[Problem to solve] Copy the data precisely, character for character, and leave out every picture.

[Data excerpt]
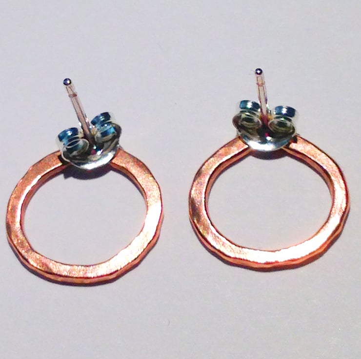 They have been given a hammered finish and soldered onto sterling silver posts with scroll backs.
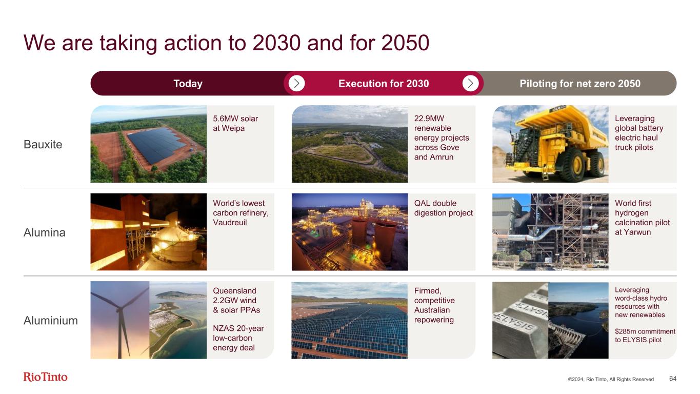Bauxite ©2024, Rio Tinto, All Rights Reserved 63 Our aluminium business is at the core of a net zero Rio Tinto Advancing renewable power and low-carbon mining fleets Progressing industry breakthroughs towards zero-carbon alumina Rest of Rio Tinto Other1 Anodes Pacific electricity supply Alumina Equity basis Rio Tinto Scope 1&2 emissions in 2023 Taking action to transform the full value chain toward net zero Aluminium represents 74% of group emissions Bauxite Transitioning to net zero through a fully renewable global portfolio and innovative smelting processes Aluminium Alumina 1 Other includes electricity emissions from Sohar and ISAL.
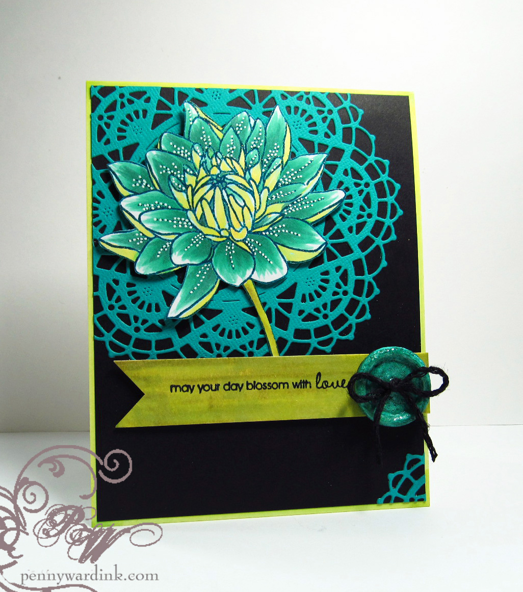 Today I made a card just for fun and I absolutely love this color combo of Teal, Black & Lime Green.
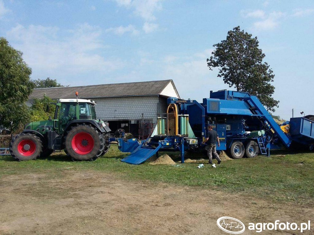 Ciągnik Fendt 818 pracuje na placu gospodarstwa, współpracując z owijarką bel marki Goweil. Posiada moc znamionową wynoszącą 180 KM, co pozwala na wydajne wykonywanie zadań w gospodarstwie rolnym. Wyposażony w silnik Deutz z sześcioma cylindrami i pojemnością 6.1 litra, zapewnia nie tylko dużą moc, ale także stabilne działanie nawet w trudnych warunkach. Zaawansowana skrzynia biegów Vario umożliwia płynną zmianę przełożeń, co jest kluczowe podczas wykonywania precyzyjnych manewrów w ciasnych przestrzeniach. Moc ciągnika i zaawansowana technologia wspomagają prace z owijarką, poprawiając efektywność i komfort pracy na co dzień.

[Answer area]
 They have been given a hammered finish and soldered onto sterling silver posts with scroll backs.
Bauxite ©2024, Rio Tinto, All Rights Reserved 63 Our aluminium business is at the core of a net zero Rio Tinto Advancing renewable power and low-carbon mining fleets Progressing industry breakthroughs towards zero-carbon alumina Rest of Rio Tinto Other1 Anodes Pacific electricity supply Alumina Equity basis Rio Tinto Scope 1&2 emissions in 2023 Taking action to transform the full value chain toward net zero Aluminium represents 74% of group emissions Bauxite Transitioning to net zero through a fully renewable global portfolio and innovative smelting processes Aluminium Alumina 1 Other includes electricity emissions from Sohar and ISAL.
 Today I made a card just for fun and I absolutely love this color combo of Teal, Black & Lime Green.
 Ciągnik Fendt 818 pracuje na placu gospodarstwa, współpracując z owijarką bel marki Goweil. Posiada moc znamionową wynoszącą 180 KM, co pozwala na wydajne wykonywanie zadań w gospodarstwie rolnym. Wyposażony w silnik Deutz z sześcioma cylindrami i pojemnością 6.1 litra, zapewnia nie tylko dużą moc, ale także stabilne działanie nawet w trudnych warunkach. Zaawansowana skrzynia biegów Vario umożliwia płynną zmianę przełożeń, co jest kluczowe podczas wykonywania precyzyjnych manewrów w ciasnych przestrzeniach. Moc ciągnika i zaawansowana technologia wspomagają prace z owijarką, poprawiając efektywność i komfort pracy na co dzień.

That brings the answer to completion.